▸ Exercise aim:
Reproduce the data that follows character for character, but omit its pictures.

▸ Information provided:
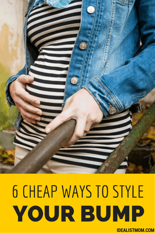 Instead, you’re going to look for a few flattering staples you can mix and match with statement pieces from your existing wardrobe. Don’t be afraid to go for form-fitting stretchy tops, either! Honor your belly, don’t hide it. Remember: In general, loose tops will just make you look even bigger.
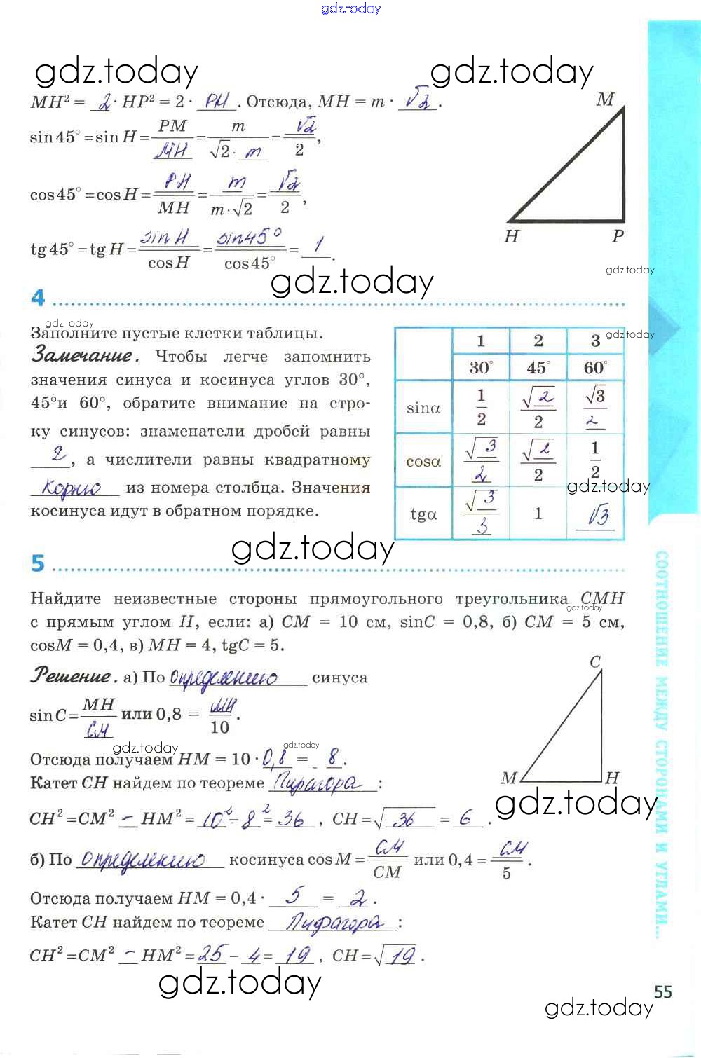 На страницах сайта gdz.today вы найдете учебный и вспомогательный материал, направленный на улучшения знаний школьной программы. ГДЗ - онлайн мир знаний Решение к главе VII. Подобные треугольники стр. 55 Рабочей тетради по Геометрии для 8 класса Глазков, Камаев Экзамен УМК 2017
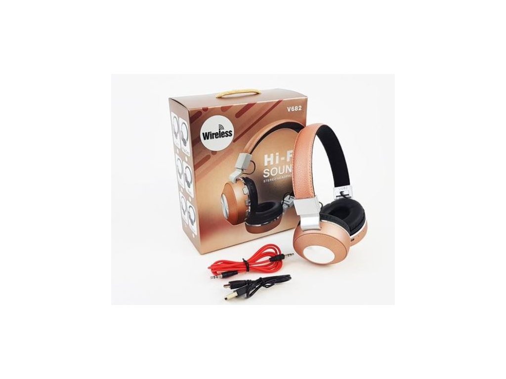 Elegantní bezdrátová bluetooth sluchátka V682 s mikrofonem, barva zlatá, růžová a hnědá

▸ Response for this exercise:
 Instead, you’re going to look for a few flattering staples you can mix and match with statement pieces from your existing wardrobe. Don’t be afraid to go for form-fitting stretchy tops, either! Honor your belly, don’t hide it. Remember: In general, loose tops will just make you look even bigger.
 На страницах сайта gdz.today вы найдете учебный и вспомогательный материал, направленный на улучшения знаний школьной программы. ГДЗ - онлайн мир знаний Решение к главе VII. Подобные треугольники стр. 55 Рабочей тетради по Геометрии для 8 класса Глазков, Камаев Экзамен УМК 2017
 Elegantní bezdrátová bluetooth sluchátka V682 s mikrofonem, barva zlatá, růžová a hnědá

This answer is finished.